SUPPLIED RECORDS START

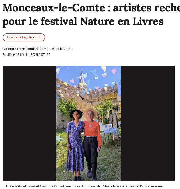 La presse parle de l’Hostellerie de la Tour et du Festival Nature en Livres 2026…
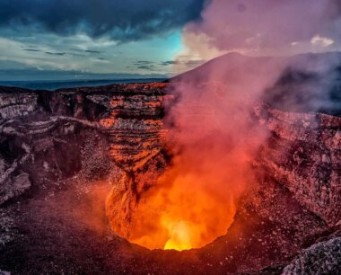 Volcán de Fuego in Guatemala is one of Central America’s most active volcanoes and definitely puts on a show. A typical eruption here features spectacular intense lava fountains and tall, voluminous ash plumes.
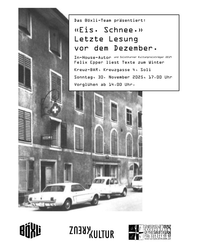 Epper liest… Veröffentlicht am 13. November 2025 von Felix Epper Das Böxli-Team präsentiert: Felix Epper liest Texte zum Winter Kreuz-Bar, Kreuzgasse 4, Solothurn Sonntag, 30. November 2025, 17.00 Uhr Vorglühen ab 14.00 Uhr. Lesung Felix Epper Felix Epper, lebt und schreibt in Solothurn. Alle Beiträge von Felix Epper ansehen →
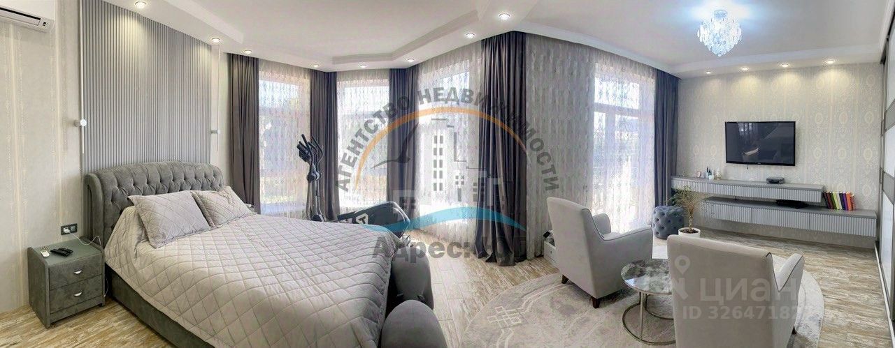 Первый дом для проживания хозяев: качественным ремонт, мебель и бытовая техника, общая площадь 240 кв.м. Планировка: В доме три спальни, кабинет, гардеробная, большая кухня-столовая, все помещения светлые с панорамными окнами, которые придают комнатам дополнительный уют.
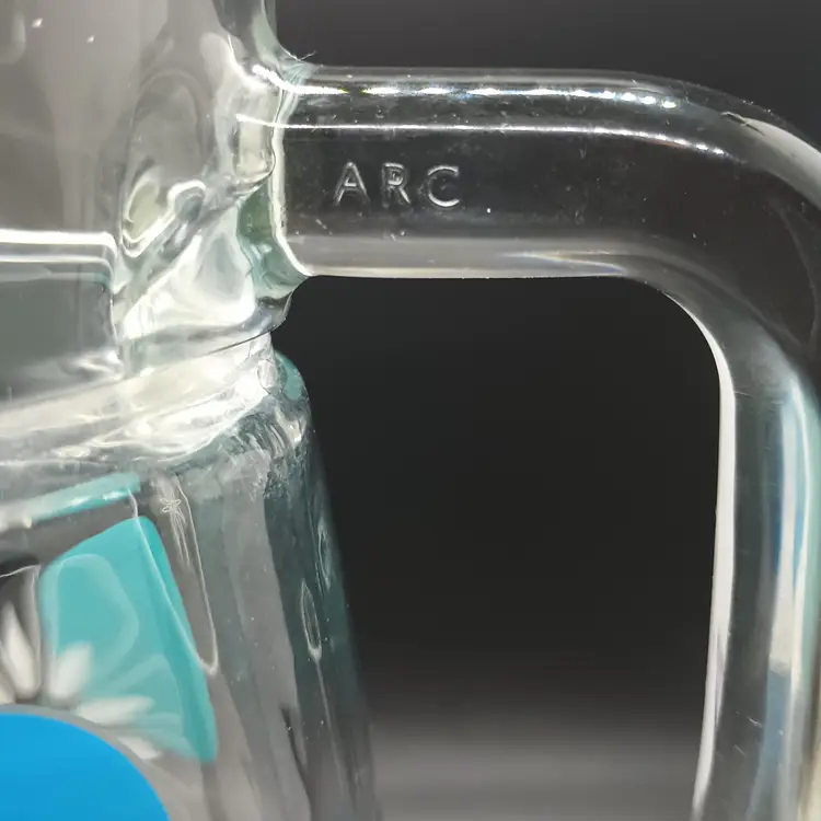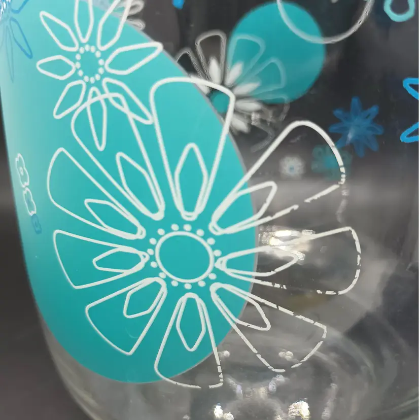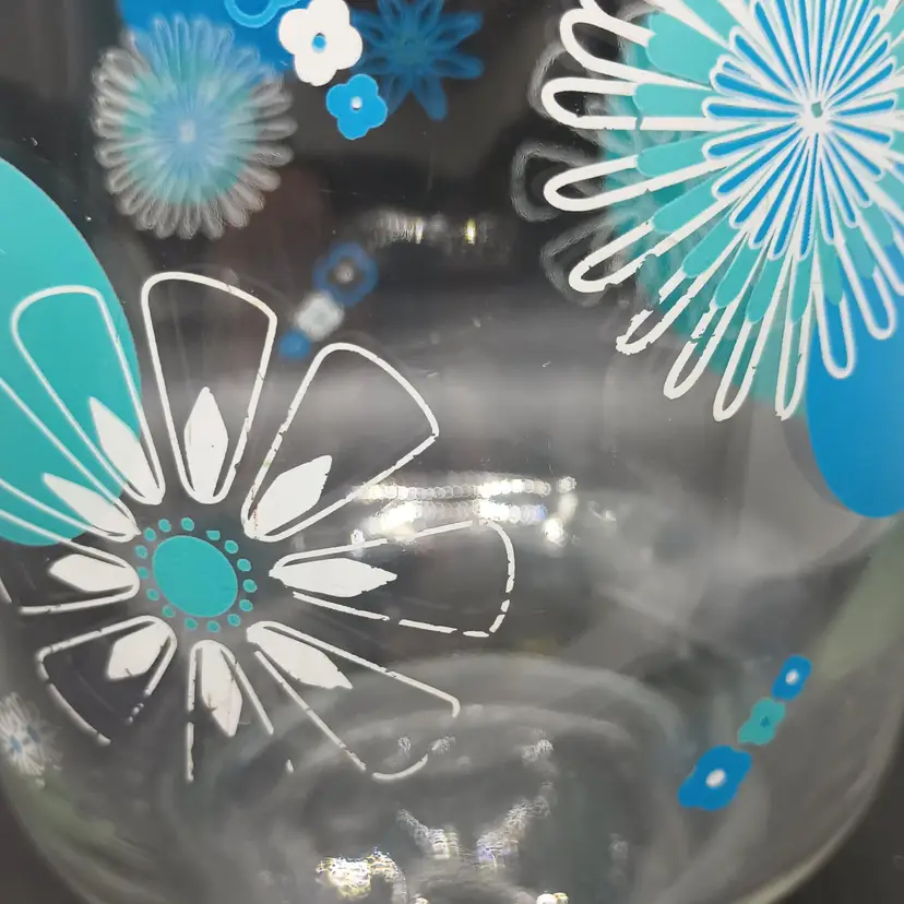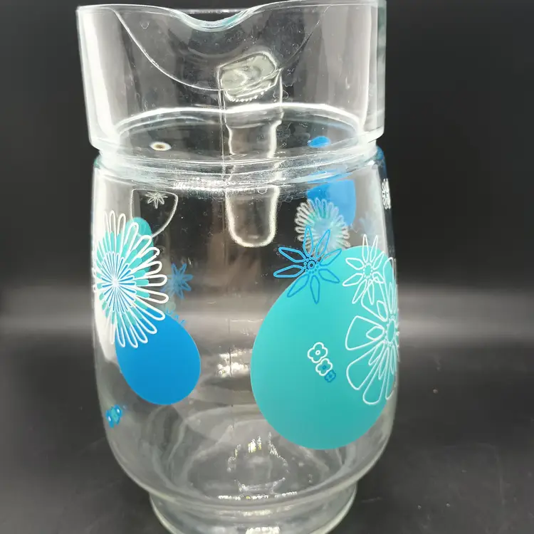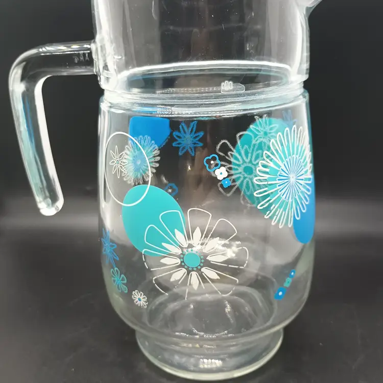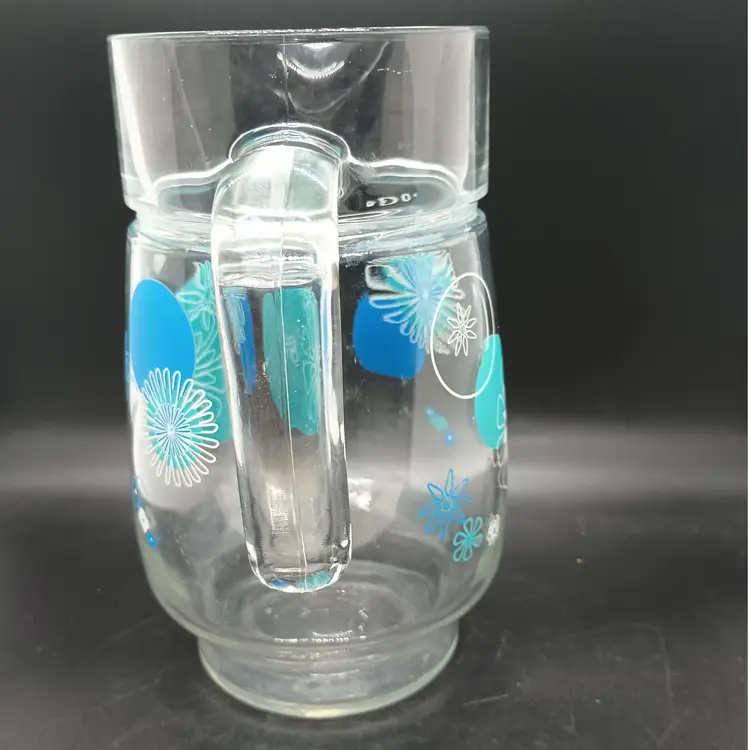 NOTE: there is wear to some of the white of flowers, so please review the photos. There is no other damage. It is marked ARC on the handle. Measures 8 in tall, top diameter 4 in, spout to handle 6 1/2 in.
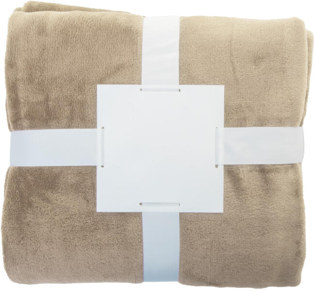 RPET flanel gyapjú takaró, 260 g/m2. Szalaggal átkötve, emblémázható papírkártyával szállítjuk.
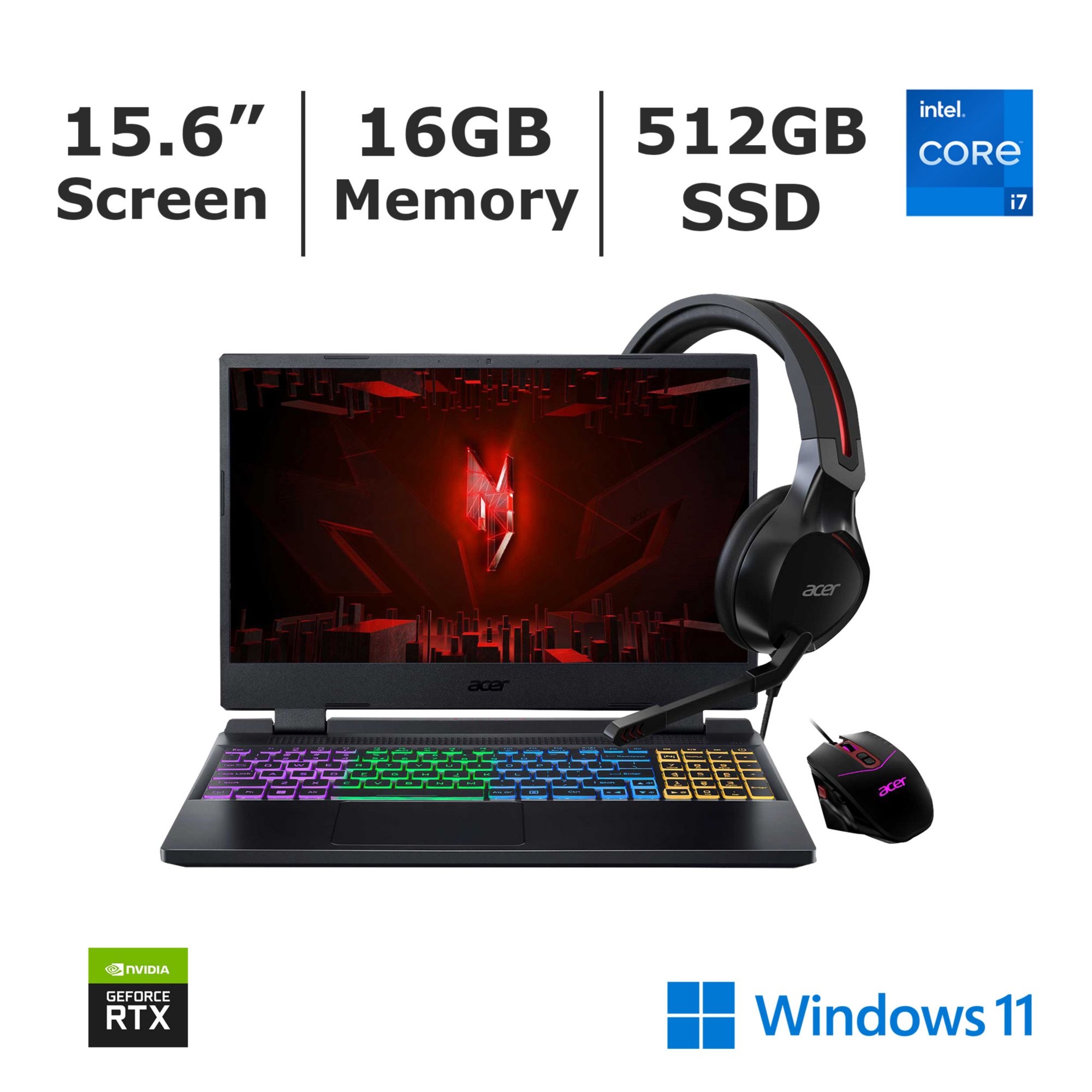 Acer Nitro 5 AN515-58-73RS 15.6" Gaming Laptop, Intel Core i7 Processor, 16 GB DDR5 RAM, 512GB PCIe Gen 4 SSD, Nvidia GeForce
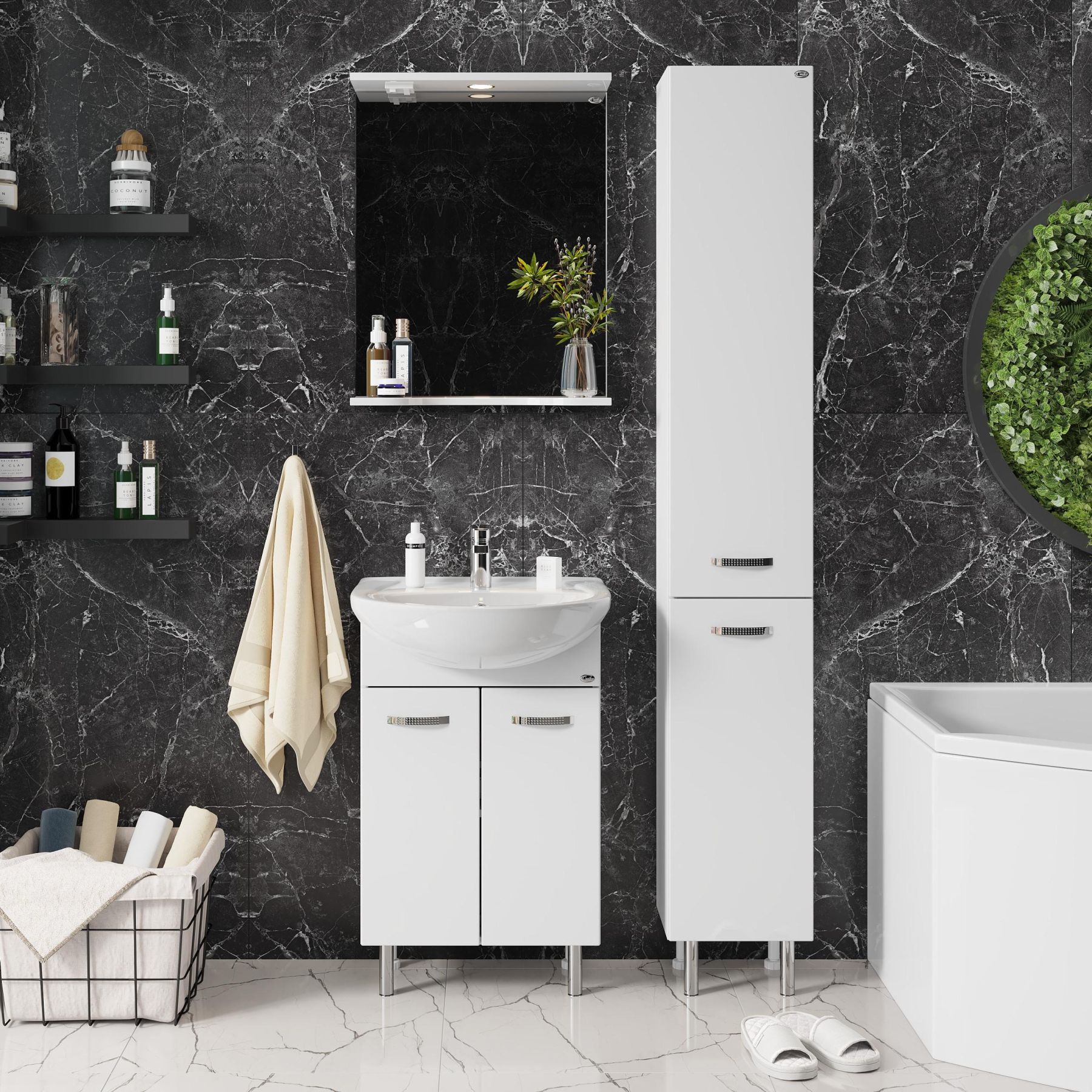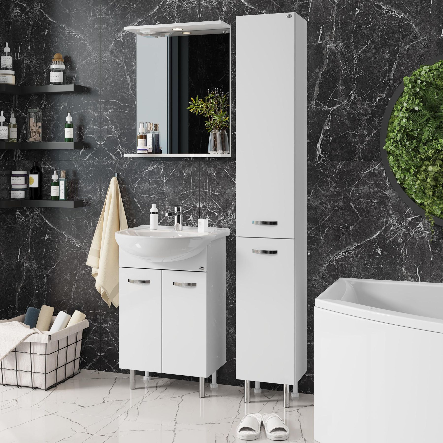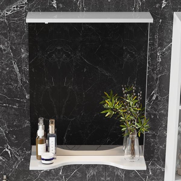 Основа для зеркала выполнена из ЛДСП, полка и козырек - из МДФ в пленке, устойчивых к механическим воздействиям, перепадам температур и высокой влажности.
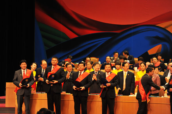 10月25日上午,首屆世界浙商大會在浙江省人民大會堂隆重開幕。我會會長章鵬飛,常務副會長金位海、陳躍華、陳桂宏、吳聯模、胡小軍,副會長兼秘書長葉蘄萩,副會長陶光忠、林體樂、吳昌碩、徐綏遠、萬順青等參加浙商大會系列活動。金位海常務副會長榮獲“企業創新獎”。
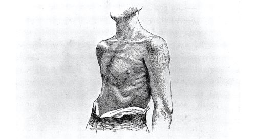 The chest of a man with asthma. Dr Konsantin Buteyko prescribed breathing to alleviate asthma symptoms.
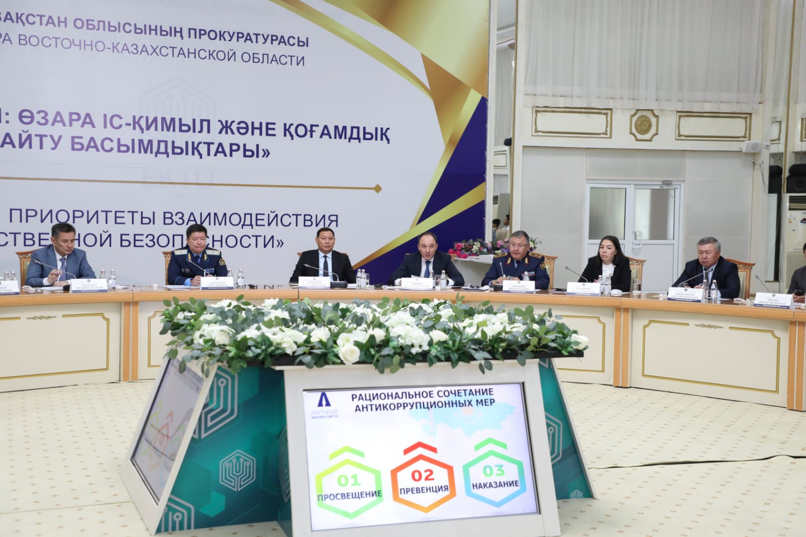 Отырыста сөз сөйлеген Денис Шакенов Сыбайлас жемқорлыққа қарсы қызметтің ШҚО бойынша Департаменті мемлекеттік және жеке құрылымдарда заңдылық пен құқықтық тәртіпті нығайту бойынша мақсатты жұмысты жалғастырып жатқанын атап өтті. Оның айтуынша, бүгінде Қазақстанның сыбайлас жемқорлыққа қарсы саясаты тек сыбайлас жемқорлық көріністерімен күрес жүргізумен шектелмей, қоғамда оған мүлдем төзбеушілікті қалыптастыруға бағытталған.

SUPPLIED RECORDS END

* **YOUR TASK**: In the data above, retype only the stretch from the line with "Первый дом для" through the line with "NOTE: there is", word for word, and skip any pictures.

* **WRITTEN SOLUTION**:
 Первый дом для проживания хозяев: качественным ремонт, мебель и бытовая техника, общая площадь 240 кв.м. Планировка: В доме три спальни, кабинет, гардеробная, большая кухня-столовая, все помещения светлые с панорамными окнами, которые придают комнатам дополнительный уют.
 NOTE: there is wear to some of the white of flowers, so please review the photos. There is no other damage. It is marked ARC on the handle. Measures 8 in tall, top diameter 4 in, spout to handle 6 1/2 in.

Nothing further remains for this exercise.